»»

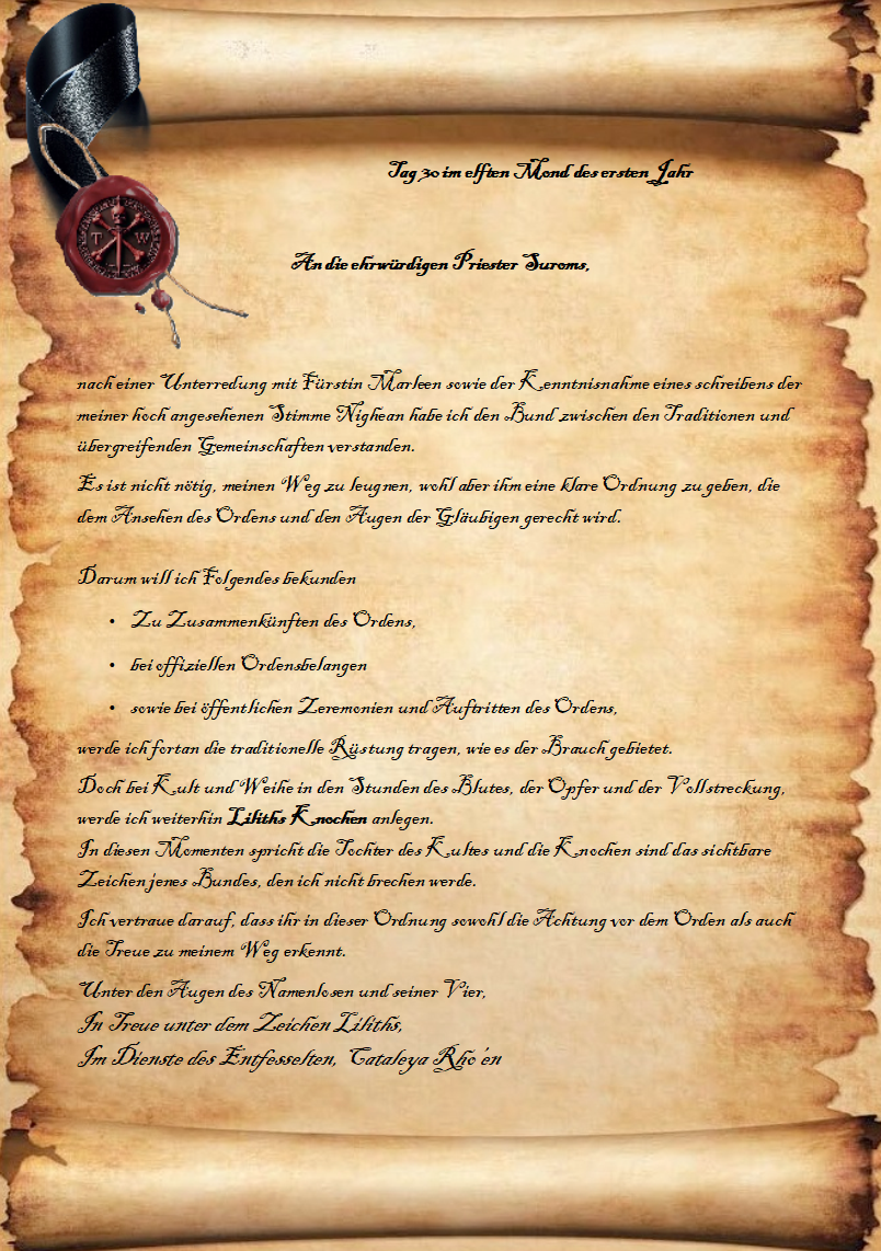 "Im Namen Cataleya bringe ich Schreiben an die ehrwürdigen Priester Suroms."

««
»»

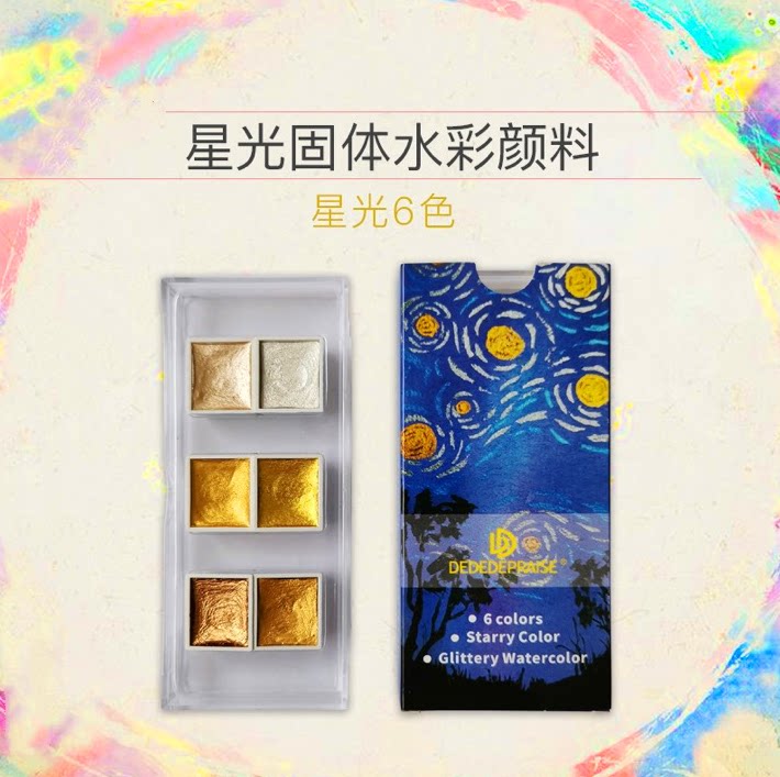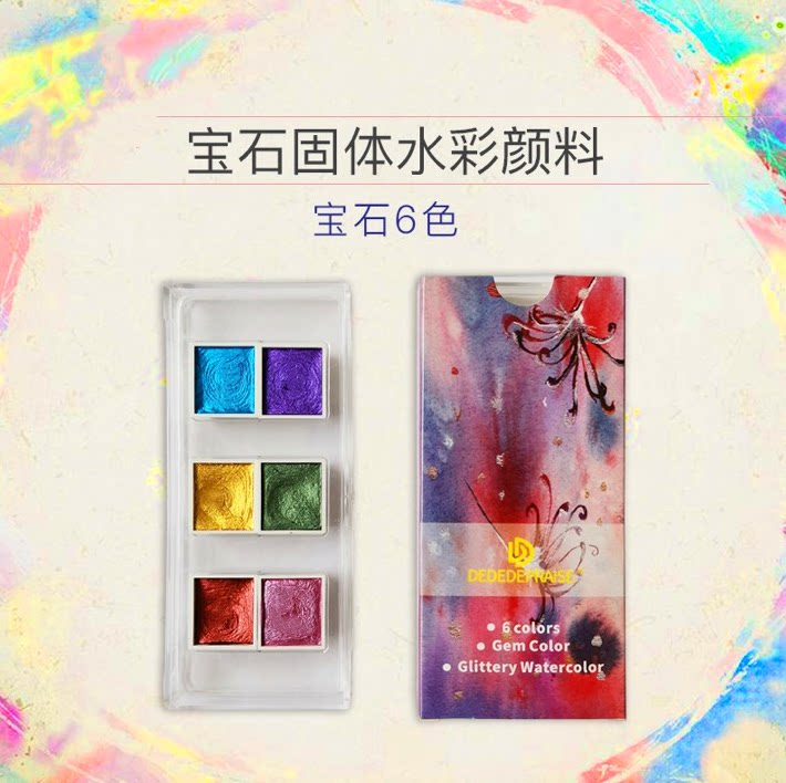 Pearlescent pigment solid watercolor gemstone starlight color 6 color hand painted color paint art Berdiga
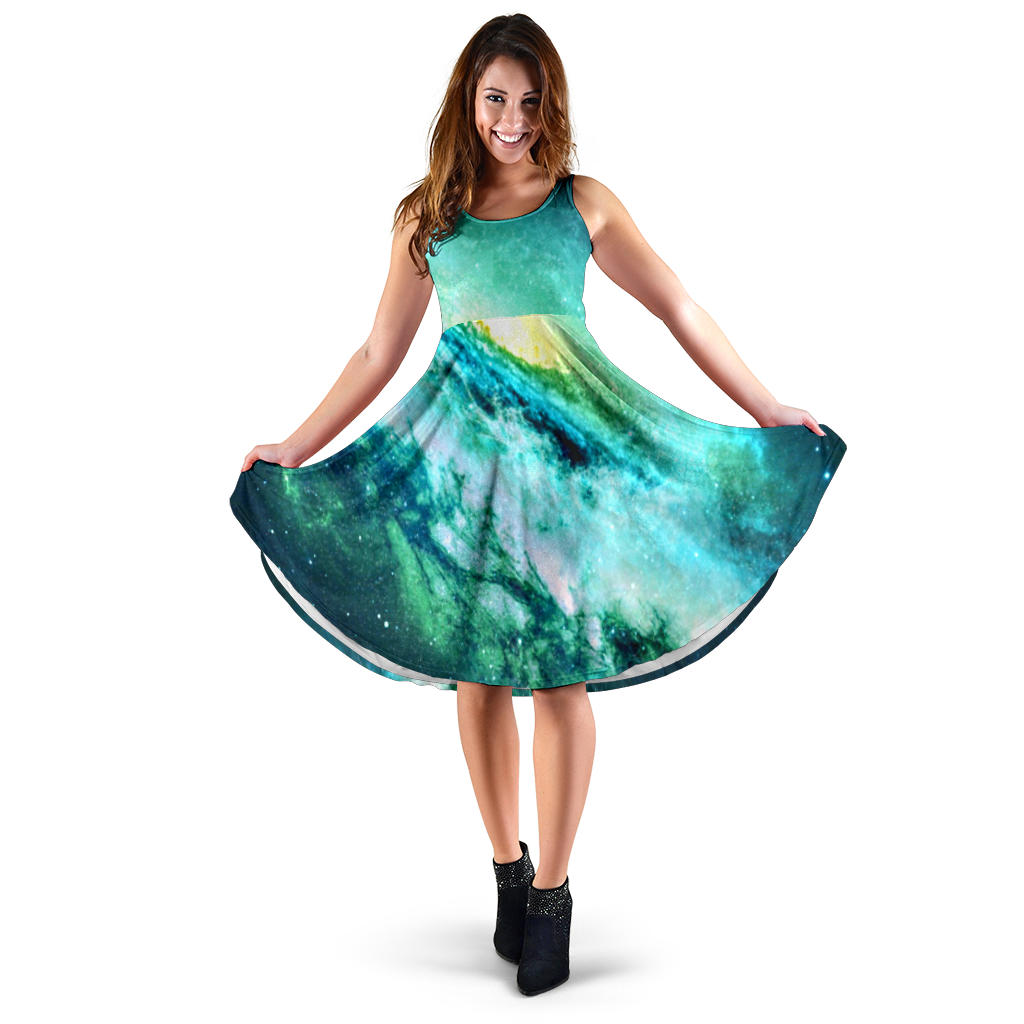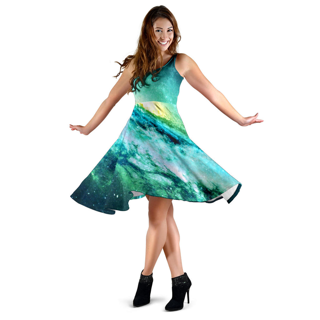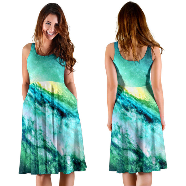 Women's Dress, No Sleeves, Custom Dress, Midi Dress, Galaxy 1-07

««
»»

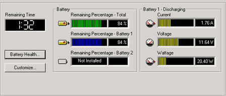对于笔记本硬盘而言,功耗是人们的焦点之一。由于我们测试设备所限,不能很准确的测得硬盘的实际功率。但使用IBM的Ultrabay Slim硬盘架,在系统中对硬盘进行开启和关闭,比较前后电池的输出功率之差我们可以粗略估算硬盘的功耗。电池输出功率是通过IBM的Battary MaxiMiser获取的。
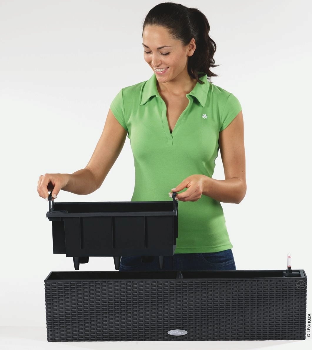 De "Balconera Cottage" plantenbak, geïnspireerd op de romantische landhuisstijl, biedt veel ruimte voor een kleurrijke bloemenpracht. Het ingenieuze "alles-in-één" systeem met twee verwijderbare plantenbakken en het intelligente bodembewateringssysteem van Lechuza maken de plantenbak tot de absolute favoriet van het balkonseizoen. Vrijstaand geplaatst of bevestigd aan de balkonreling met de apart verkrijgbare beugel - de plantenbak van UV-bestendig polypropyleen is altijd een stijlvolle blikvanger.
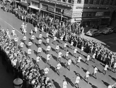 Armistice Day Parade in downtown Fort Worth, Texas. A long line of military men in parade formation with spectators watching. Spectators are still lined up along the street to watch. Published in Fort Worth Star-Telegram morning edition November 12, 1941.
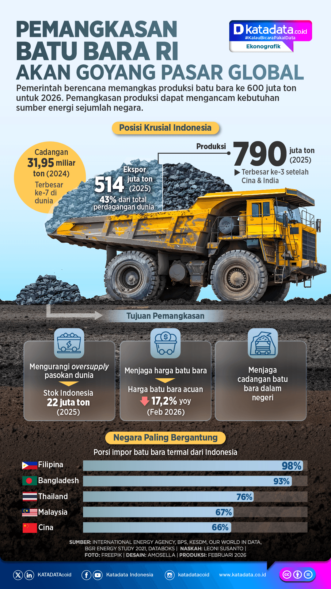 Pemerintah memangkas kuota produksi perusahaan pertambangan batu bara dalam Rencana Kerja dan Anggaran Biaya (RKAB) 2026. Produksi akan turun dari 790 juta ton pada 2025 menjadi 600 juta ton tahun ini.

««

> Work instructions
Find the line with "Pearlescent pigment solid" in the entries above. Set down exactly every line from it up to and including the line with "Women's Dress, No", images excluded.

> Exercise response
 Pearlescent pigment solid watercolor gemstone starlight color 6 color hand painted color paint art Berdiga
 Women's Dress, No Sleeves, Custom Dress, Midi Dress, Galaxy 1-07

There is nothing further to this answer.